ΠΑΡΑΚΑΛΌ παρακαλό / pah-rah-kah-LOW / please and also you’re welcome

I got to use this one today! Sure I was ordering gyros in English and just put that at the end of the sentence but I think they appreciated it. I like that they “double-duty” it by making it also work as “you’re welcome.” It’s also used as a way to answer the phone, although I still prefer “go for Dave.”

Efcharisto

ΕΥΧΑΡΙΣΤΌ ευχαριστό  /  eff-(ch)ar-eess-TOE  /  thank you

OK back to the Greek lessons. I retained basically none of the Greek words I learned besides this and kalimera/kalispera so we starting fresh!

Oh and portokalo.

Oh and maybe kotopoulo.

Hello, please, and thank you are the base phrases I feel like you should learn for any new destination. Even if you then are going to try and rely on others to speak English to get bare essentials, at least meet them at the front door of their own language. So I’ll start with those since they aren’t quiet as commonplace (in my mind) as the Spanish or French words for those things.

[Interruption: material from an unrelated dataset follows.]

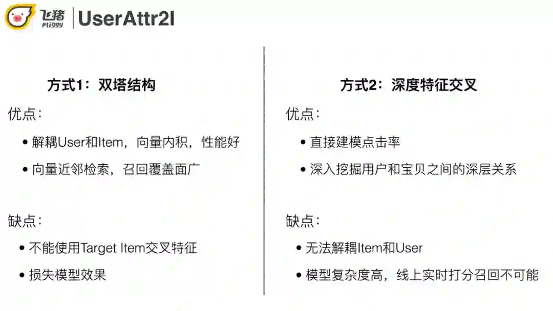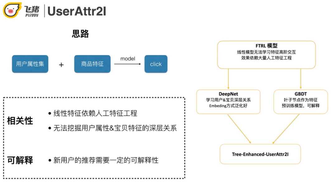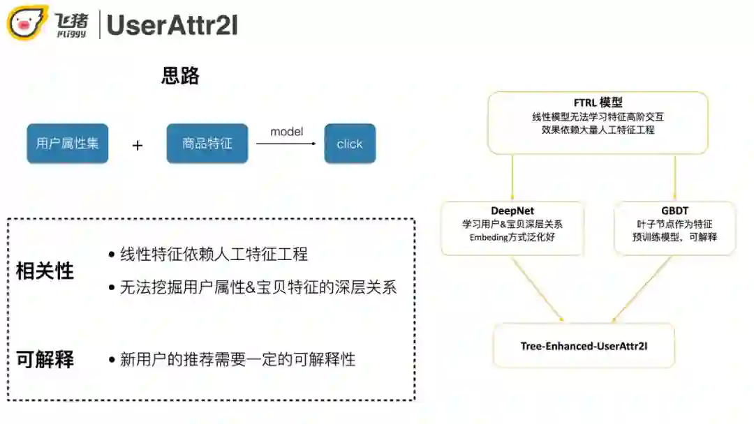 在这里介绍我们的方案UserAttr2I,使用类似排序模型的方法,输入用户+商品的属性,预测用户是否会点击一个商品。

Evidently the stress on the last syllable is important — if you stress the second (eff-CHAR-eestoe) or the third (effchar-EESS-toe) are the adjective (thankful) and adverb (thankfully) forms. Language is neet.

Oh and pentakosio. If I need five hundred chickens or oranges I’m set.

Anafiotika

ΑΝΑΦΙΟΤΙΚΑ / anna-fee-OH-ti-kah

I’ll eventually do an entry for all the neighborhoods that I think I’d go to, but Anafiotika was one we ended up in last year that I thought was pretty cool. It’s in between Plaka, the “historic” district on the eastern side of the Acropolis, and the Acropolis itself, and while it’s full of gorgeous white-clay buildings reminiscent of the islands, it’s definitively NOT touristic, and the residents do their level best to remind people that it’s primarily a residential neighborhood.

There aren’t really any restaurants or shops — just little cube-y houses that were built by imported workers some time in the early 1800s. Lots of steep stairs, lots of meandering skinny corridors. It’s fairly tiny too — and there are some spectacular views back over the city from a little park at the top.